Checking the quality of transcribed label data is another crucial step in the process. You will need a clear and detailed transcription protocol where your quality control process is set out (case study 2). Where possible, the use of lookup tables will greatly improve the quality of the transcribed data. Direct data quality control on a subset of the transcribed labels will help to reduce transcription errors (https://dissco.github.io/Digitisation/PreDigCuration/PDCaseStudies.html#quality-control-procedure-of-meise-botanic-garden-for-the-mass-digitisation-project-doe). This is particularly important at the beginning of the transcription process to weed out common errors and misunderstandings. Once the transcription process is complete, the data cleaning phase will start. Allow sufficient time for this task, as it often requires more time than initially anticipated. Tools like Open Refine (https://openrefine.org/) can be used for data cleaning. The process is often iterative, as corrected data in one field can often be used to fix data in another field.

9. Make your data visible - make a big deal of it

Digitisation of a herbarium is pointless if the data are not made publicly accessible. Don’t be shy; make sure everyone knows what you have achieved. Your herbarium is coming of age and it should be celebrated. To ensure that everyone can find and use your digitised herbarium, images and their metadata need to conform to the FAIR principles (Wilkinson et al. 2016). Institutions generally opt to create an online portal to their collection where they can showcase their specimens (Fig. 4). Make sure you are aware of the state of the art for such portals and how your specimens can be cited (Güntsch et al. 2017, case study 3). There are also other outlets for your images that will extend the reach of your collection to different communities. JSTOR Global Plants specialises on nomenclatural type and historical specimens, but is behind a paywall, while publishing on Wikimedia Commons allows your specimens to illustrate species on Wikipedia. As long as you use suitable licences, like CC BY or CC0, for your images, Wikipedians can use them freely. Your data should also be published to the Global Biodiversity Information Facility (https://www.gbif.org/publishing-data). A great advantage of this is that your dataset will be citable with a Digital Object Identifier (DOI).

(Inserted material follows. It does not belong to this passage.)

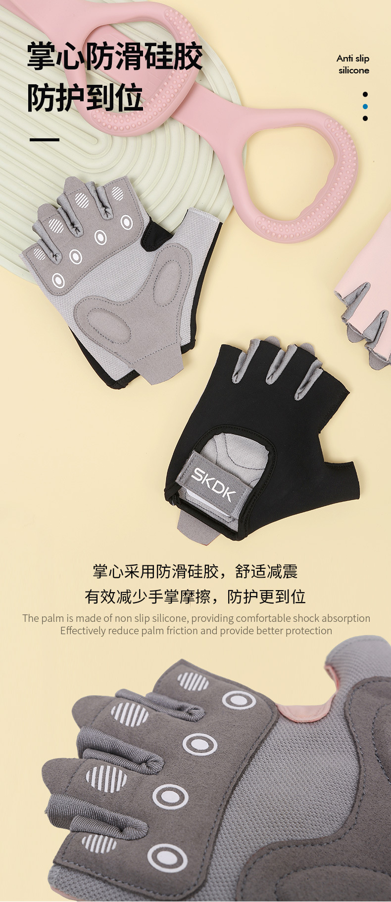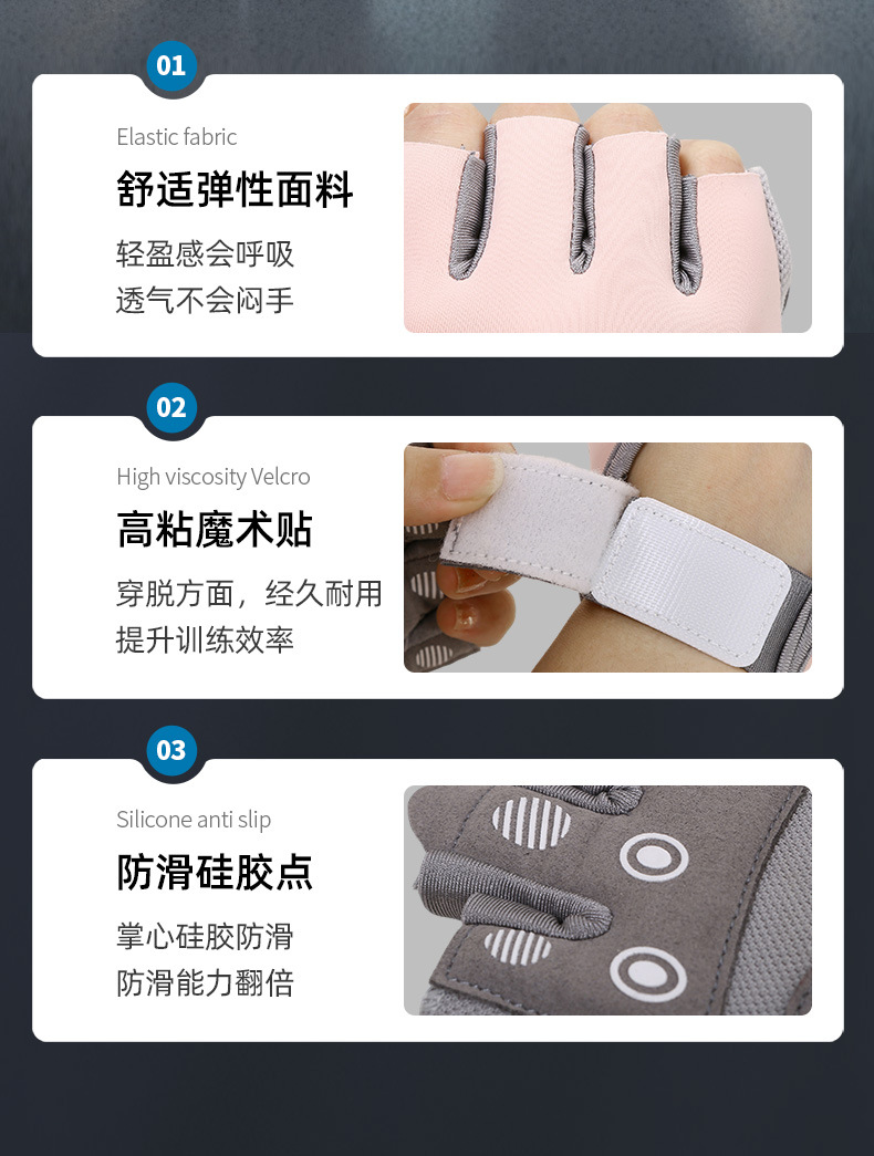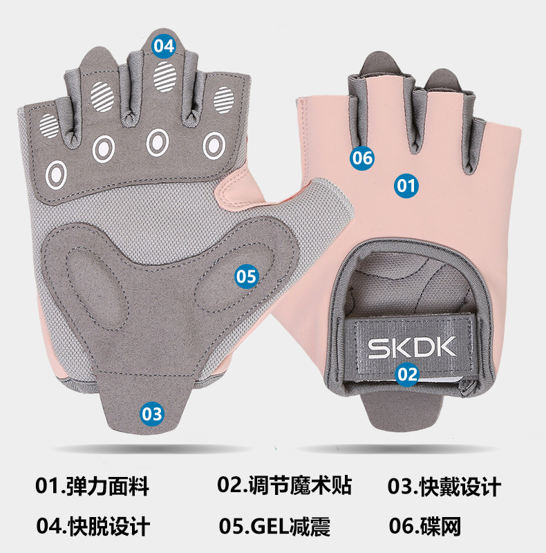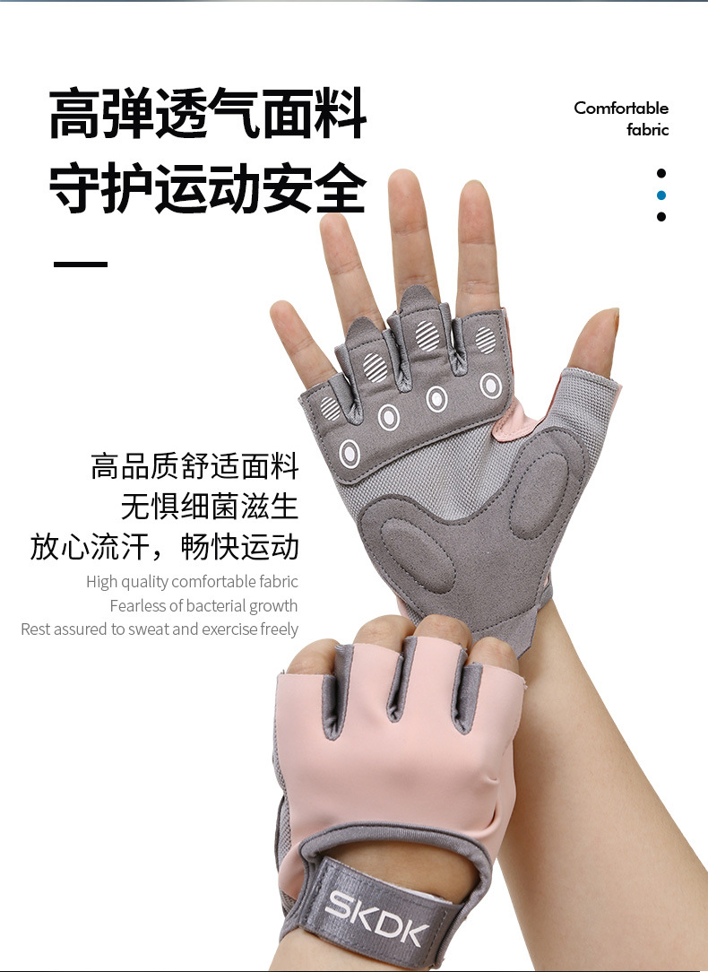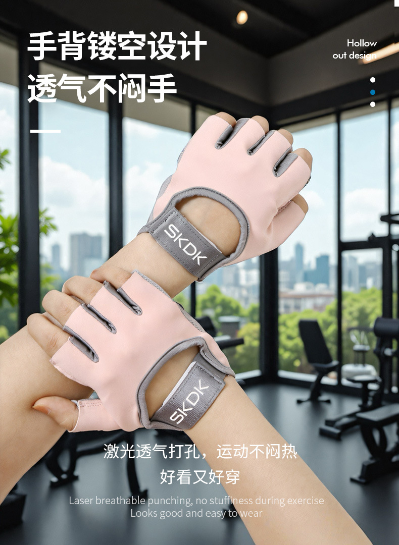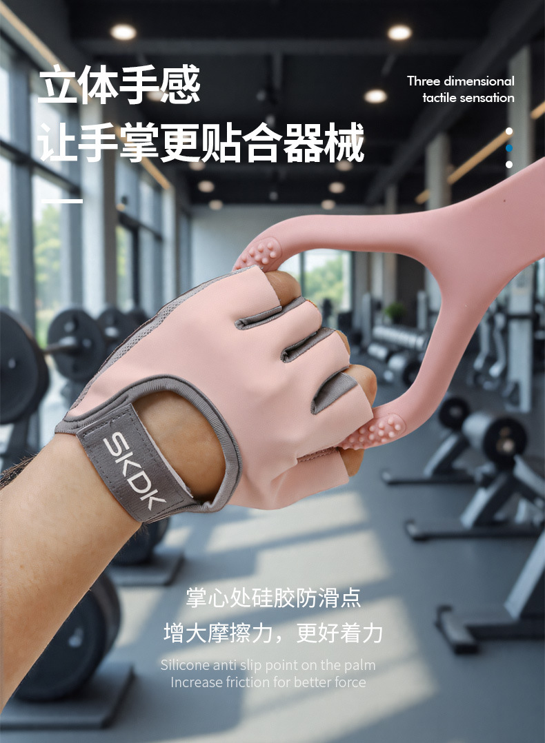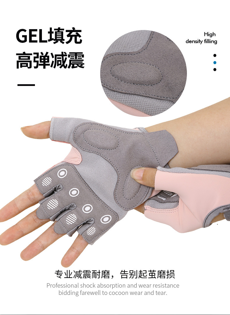 フィットネスグローブ、角質防止、女性用ハーフフィンガーグローブ、通気性シリコンパームプロテクター、ケトルベル、スポーツトレーニング、サイクリング、リストバンド、卸売

GBIF keeps track of publications citing their DOIs so you too can see who is using your data and why (https://www.gbif.org/literature-tracking).

Figure 4.

Screenshots of the virtual herbarium platform of Meise Botanic Garden (https://www.botanicalcollections.be), showing the start page and a detail of a specimen of Helichrysum aureum.

Develop a Data Management Plan that outlines a strategy for handling, storing, and sharing of data (Dillen et al. 2024). Such a Data Management Plan aids in establishing clear guidelines for both internal staff and external users, specifying the terms governing data usage (including licensing) and storage.

10. Save your data for the future

Backing up your data in a long-term offsite archive is an essential insurance against the loss of data and images. Depositing your images in that sort of cold storage should be part of the daily workflow of the digitisation pipeline. Think carefully about the formats of data too. Long-term storage formats, such as archive quality TIFF images, are not as suitable for day-to-day use as high quality jpg images. Storage will be an ongoing cost beyond the digitisation project and the institution will have to be able to sustain these costs (case study 4).

Conclusions

Now that you have read our ten lessons, you should be ready to start your own mass digitisation project. Be well prepared, divide the work into manageable small tasks. When creating workflows, protocols, specifications and tenders, be as specific and detailed as possible, it will save you a lot of worries in the future.

When the mass digitisation process is complete you will reap the benefits: your collections will be more visible and used, digitisation will lead to even more projects and new types of research.

The daily management of the collection will also change, becoming more labour intensive: all incoming material needs to be digitised before entering the collection, errors will be more noticeable and need to be fixed, and the rearrangement of the collection needs to match the data in the collection management system. You not only have a physical collection to maintain but a digital one too!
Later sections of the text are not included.